Two adult sisters died when their home in a slum was buried in a mudslide, while a man drowned in another part of the city, the mayor’s office said in a statement.
The rains began around Monday evening and had not let up by midday Tuesday, with a heavy downpour forecast through the end of the day. Some parts of the city got more than 21 cm (8 inches of rain within four hours, according to the mayor’s office. That is three times the monthly average rainfall for April.
Videos on local news showed normally calm residential streets turned into raging torrents that dragged people and cars. A coastal bike path meant to be a legacy of the 2016 Olympics, already weakened by previous storms, suffered more damage, with chunks of it falling into the sea.

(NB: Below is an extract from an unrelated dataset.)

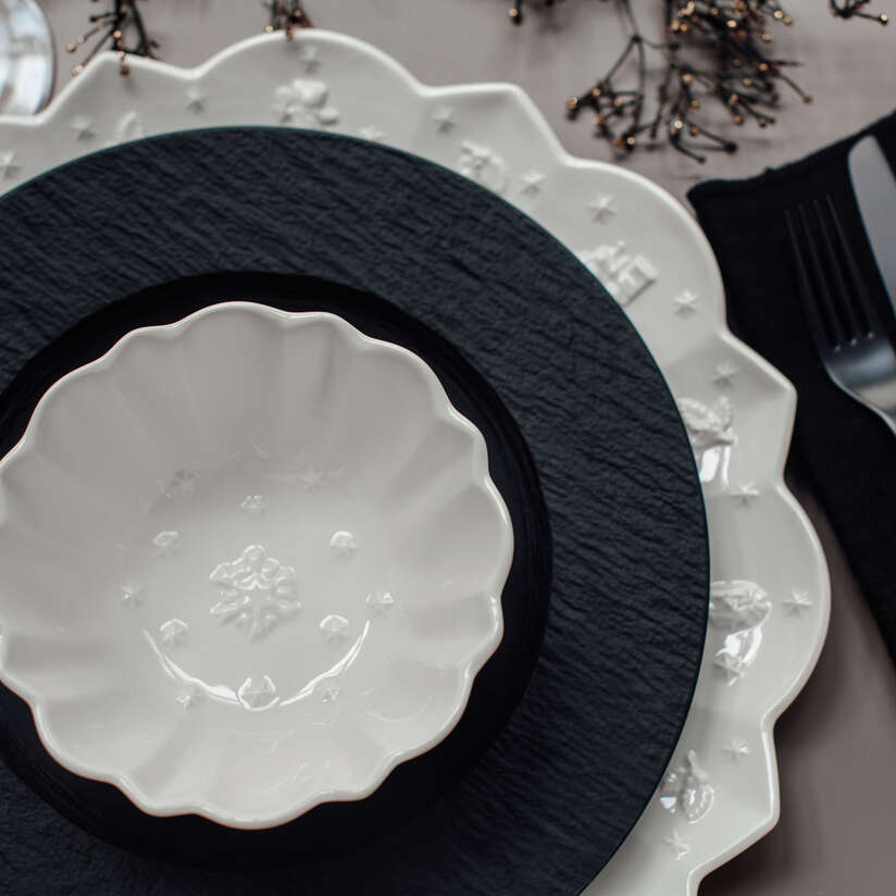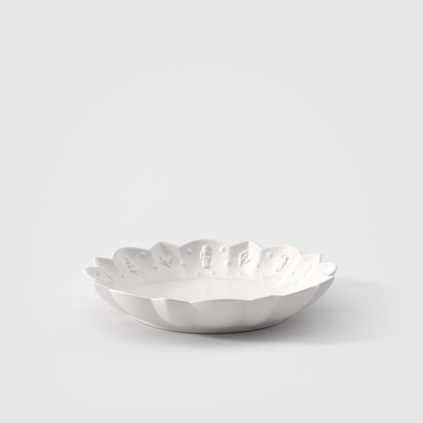 Miska wykonana z porcelany premium zachwyca pofalowanym brzegiem oraz wypukłymi, dekoracyjnymi elementami, które przywodzą na myśl przyjemną, świąteczną atmosferę — motywy choinek, gwiazdek i prezentów subtelnie zdobią jego powierzchnię, tworząc efektowną kompozycję. Klasyczna forma i ponadczasowy design sprawiają że doskonale komponuje się zarówno z czarnymi elementami z kolekcji Manufacture Rock jak , Toy's Delight jak i z prostą biała zastawą.Idealny do serwowania dań głównych podczas uroczystych spotkań ,dodaje stołowi elegancji i odświętnego charakteru.

“Rio de Janeiro lost three victims in these rains,” Mayor Marcelo Crivella told an early morning news conference. “These rains are absolutely abnormal for this time of year; none of us expected so much rain at this time.”
The mayor’s office declared a state of emergency on Monday night. Major roads were closed, and the mayor’s office said 785 places in the city were without power.
Emergency services went into action across the city to rescue people trapped in cars and out on the streets. TV images on Tuesday showed divers examining a car submerged in a flooded underpass.
Rio’s streets were quieter than usual on Tuesday, as nearly all schools shut and people worked from home to avoid the risk of being trapped at work.
The storm was the second major one to batter Rio in two months. A violent tempest that hit the city in February killed at least seven people.